Extracted material Block Start

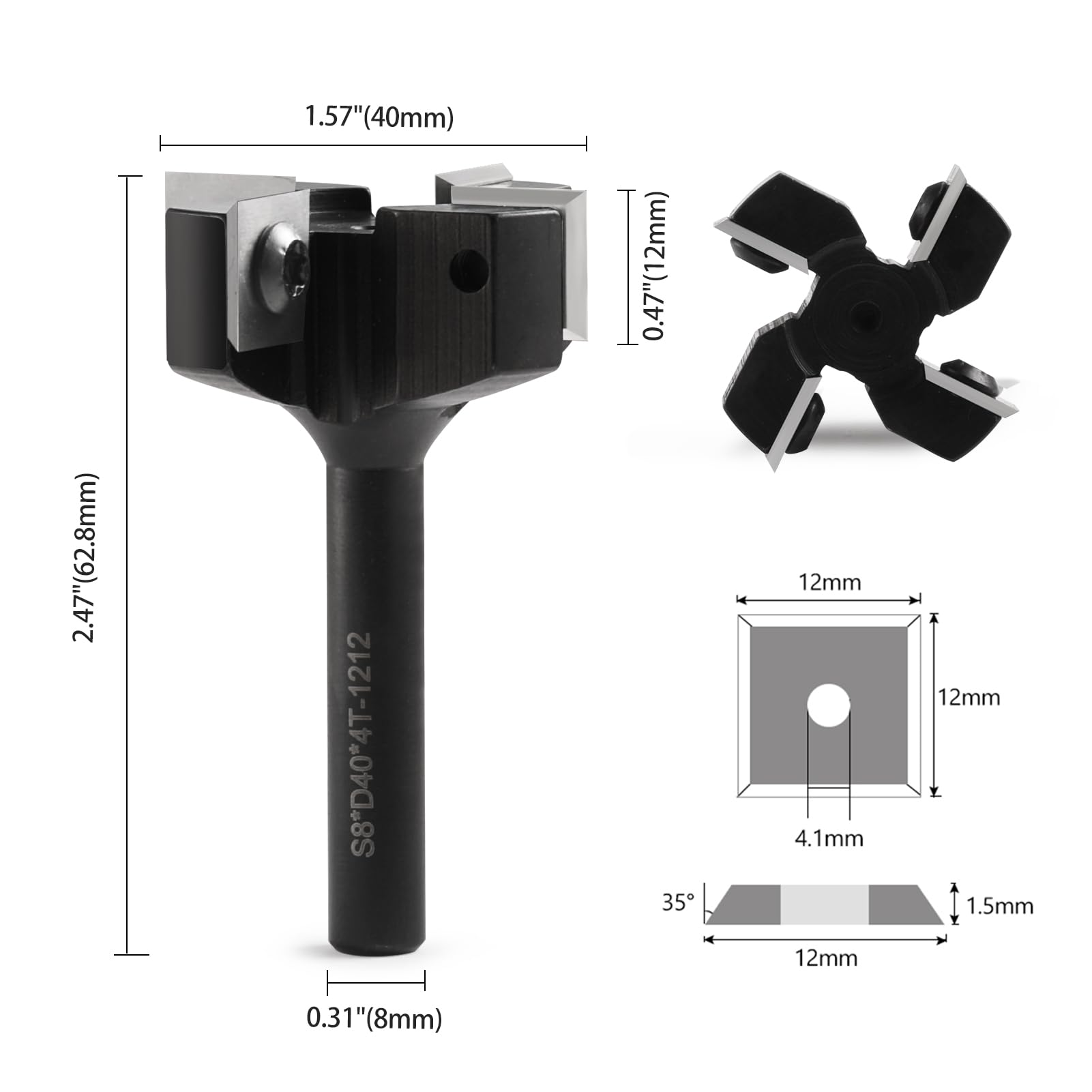 8mm shank 4 flute planer cutter with 10 interchangeable carbide inserts(12x12x1.5mm), diameter 40mm, CNC panel cutter cleaning cutter for router woodworking(D=40 S=8)
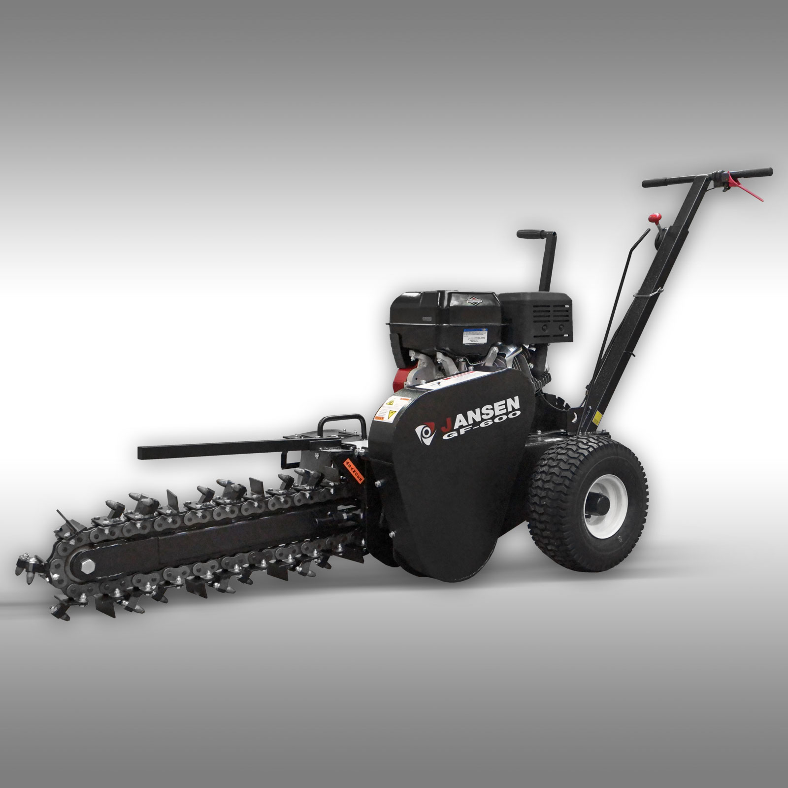 ZANJADORA GF-600PRO-POTENTE MÁQUINA AUTOPROPULSADA CON MOTOR BRIGGS & STRATTON DE 13,5 HP, IDEAL PARA ABRIR ZANJAS PRECISAS PARA CABLES, TUBERÍAS Y RIEGO. PERMITE EXCAVAR HASTA 60 CM DE PROFUNDIDAD Y 10 CM DE ANCHO, CON UN RENDIMIENTO DE HASTA 60 M POR HORA. SU CADENA CON DIENTES DE CARBURO GARANTIZA DURABILIDAD INCLUSO EN SUELOS DUROS. COMPACTA Y MANIOBRABLE, PERFECTA PARA TRABAJOS PROFESIONALES EN ESPACIOS REDUCIDOS.
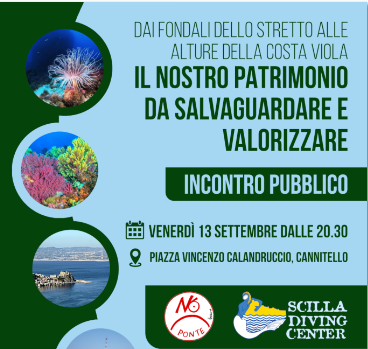 Si terrà oggi venerdì 13 settembre a partire dalle ore 20.30 presso Piazza Calandruccio a Cannitello l’incontro pubblico “Dai fondali dello Stretto alle alture della Costa Viola – Il nostro patrimonio da salvaguardare e valorizzare”, promosso dal movimento No Ponte Calabria e dallo Scilla Diving Center.
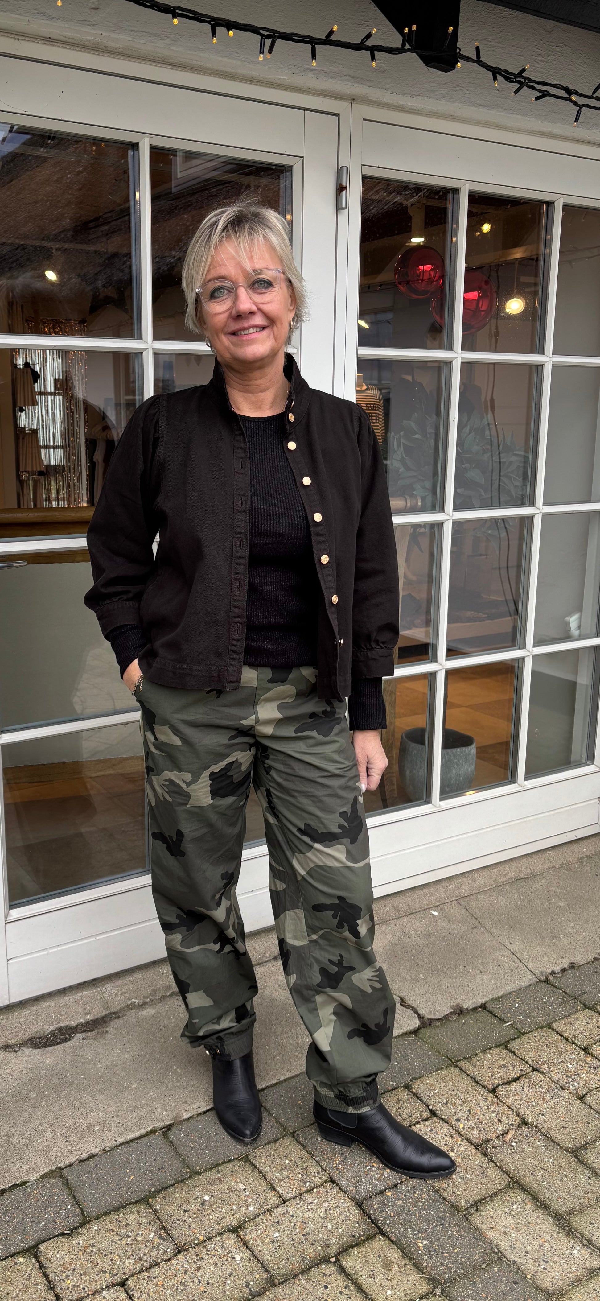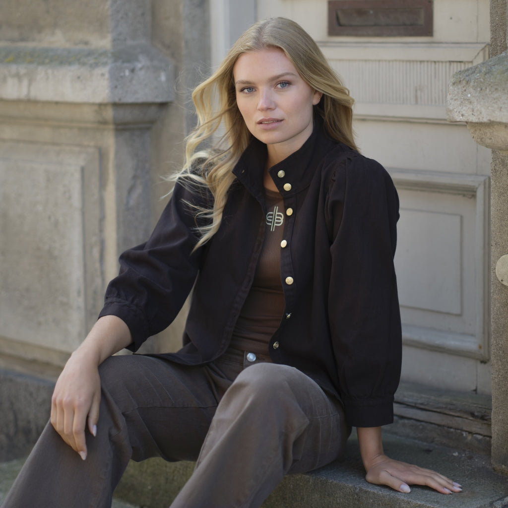 Figga Blouse er en skøn denim skjorten, som også kan bruges som en let jakke. Skjorten er enkel i snittet med en fin detalje i form at det påsyet ærme med et lille puf ved skulderen. Skjorten har en høj hals, 3/4 lange ærmer og er gennemknappet med otte knapper.
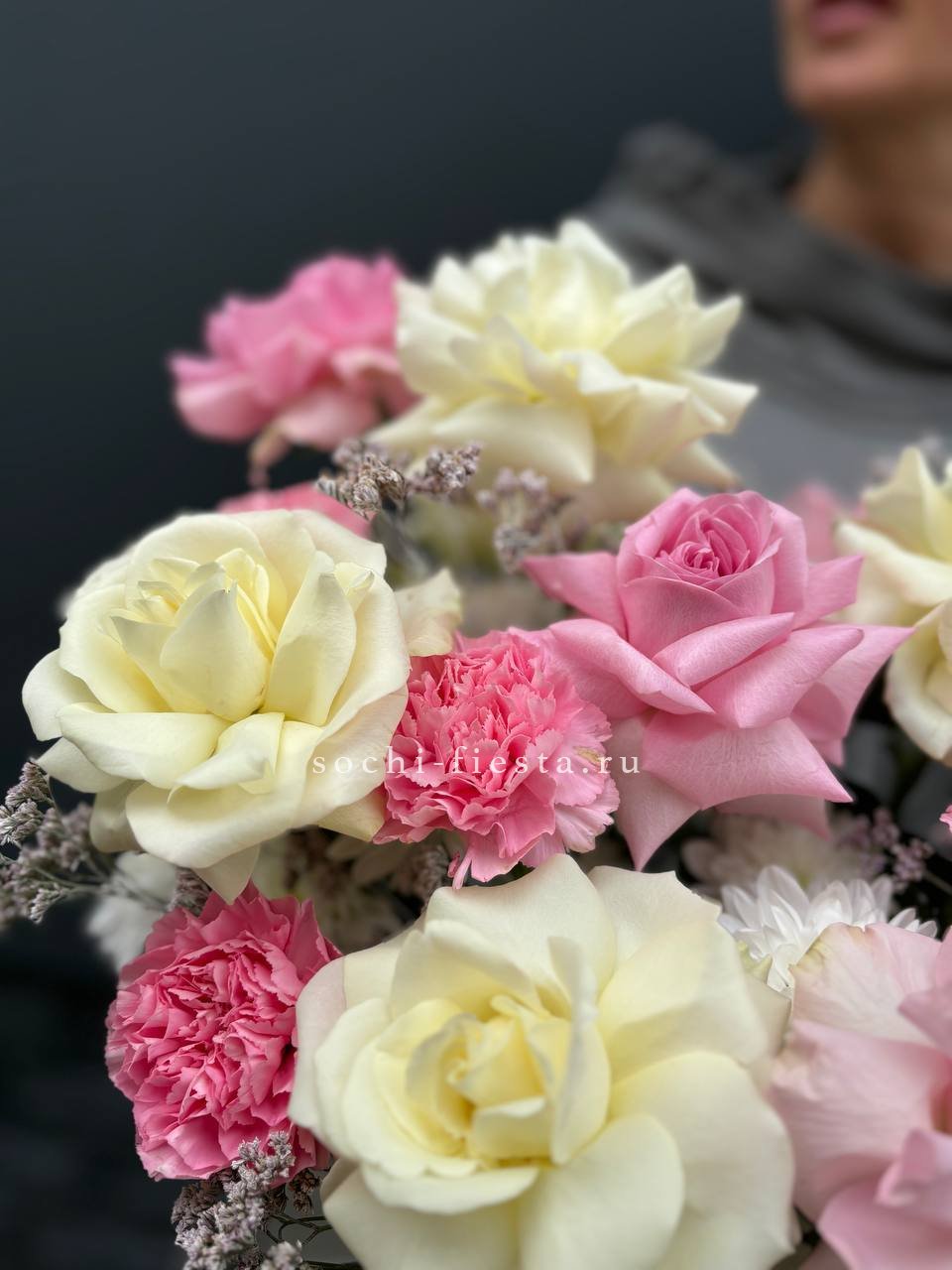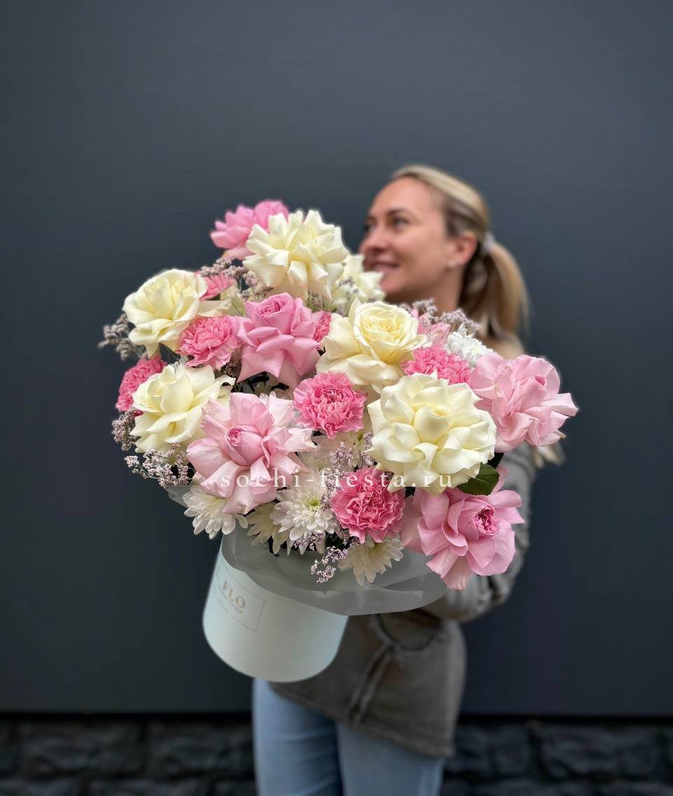 Для заказа товара "Коробка французских роз и диантусов "Бони"" с доставкой в Воронеже нажмите в корзину

Extracted material Block End

Copy every record exactly, without the pictures.

 8mm shank 4 flute planer cutter with 10 interchangeable carbide inserts(12x12x1.5mm), diameter 40mm, CNC panel cutter cleaning cutter for router woodworking(D=40 S=8)
 ZANJADORA GF-600PRO-POTENTE MÁQUINA AUTOPROPULSADA CON MOTOR BRIGGS & STRATTON DE 13,5 HP, IDEAL PARA ABRIR ZANJAS PRECISAS PARA CABLES, TUBERÍAS Y RIEGO. PERMITE EXCAVAR HASTA 60 CM DE PROFUNDIDAD Y 10 CM DE ANCHO, CON UN RENDIMIENTO DE HASTA 60 M POR HORA. SU CADENA CON DIENTES DE CARBURO GARANTIZA DURABILIDAD INCLUSO EN SUELOS DUROS. COMPACTA Y MANIOBRABLE, PERFECTA PARA TRABAJOS PROFESIONALES EN ESPACIOS REDUCIDOS.
 Si terrà oggi venerdì 13 settembre a partire dalle ore 20.30 presso Piazza Calandruccio a Cannitello l’incontro pubblico “Dai fondali dello Stretto alle alture della Costa Viola – Il nostro patrimonio da salvaguardare e valorizzare”, promosso dal movimento No Ponte Calabria e dallo Scilla Diving Center.
 Figga Blouse er en skøn denim skjorten, som også kan bruges som en let jakke. Skjorten er enkel i snittet med en fin detalje i form at det påsyet ærme med et lille puf ved skulderen. Skjorten har en høj hals, 3/4 lange ærmer og er gennemknappet med otte knapper.
 Для заказа товара "Коробка французских роз и диантусов "Бони"" с доставкой в Воронеже нажмите в корзину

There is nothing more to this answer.